Stored data:
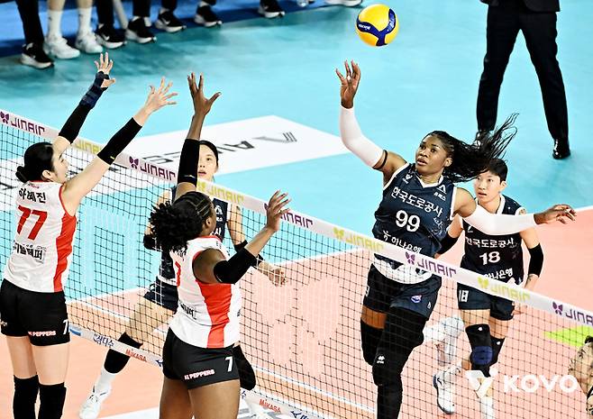 경북 김천체육관에서 펼쳐진 여자부 경기에서는 한국도로공사가 페퍼저축은행을 3-0(25-18 25-19 25-19)로 완파했다.
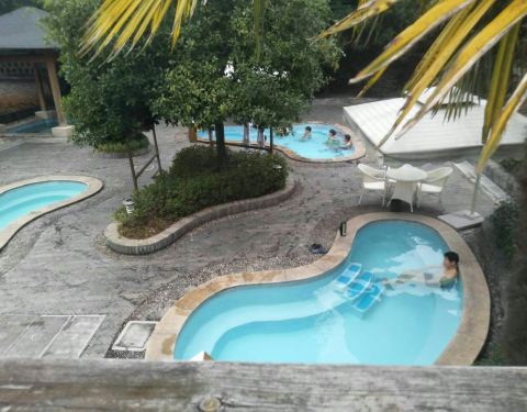 去的时候2点左右,人还是比较少,里面风景不错,温泉泡的很舒服,室内有个大泳池,外有6.7个室外泳池,而且有茶水和小饼干,总体不吃。
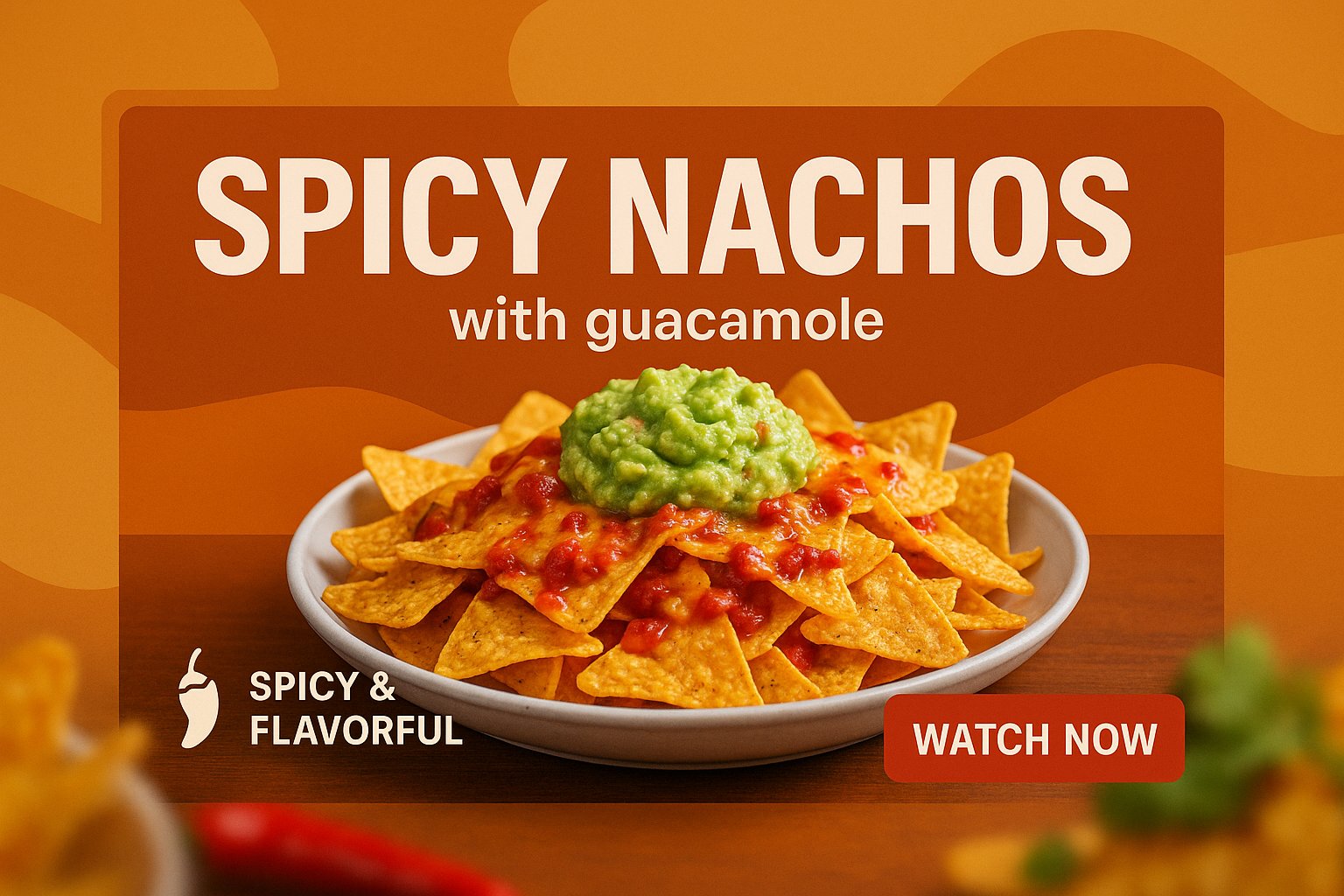 Vibrant promotional graphic featuring a plate of spicy nachos topped with guacamole, ideal for food marketing and restaurant promotions.
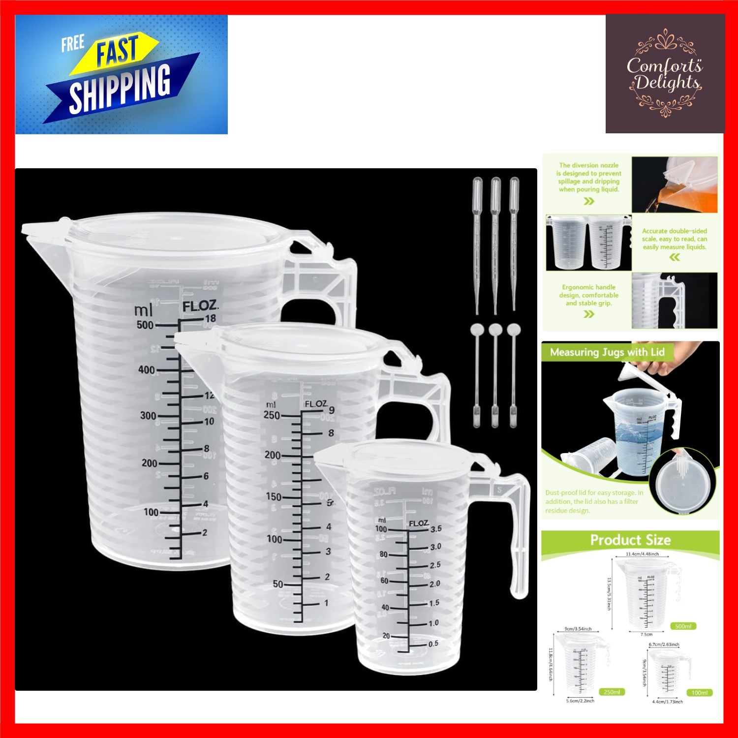 3 PCS Measuring Jugs Set 100ml 250ml 500ml Clear Plastic Measuring Jugs Lab Gra

Instructions for the task:
Write out each line of the data exactly; the images should be left out.

Completed task:
 경북 김천체육관에서 펼쳐진 여자부 경기에서는 한국도로공사가 페퍼저축은행을 3-0(25-18 25-19 25-19)로 완파했다.
 去的时候2点左右,人还是比较少,里面风景不错,温泉泡的很舒服,室内有个大泳池,外有6.7个室外泳池,而且有茶水和小饼干,总体不吃。
 Vibrant promotional graphic featuring a plate of spicy nachos topped with guacamole, ideal for food marketing and restaurant promotions.
 3 PCS Measuring Jugs Set 100ml 250ml 500ml Clear Plastic Measuring Jugs Lab Gra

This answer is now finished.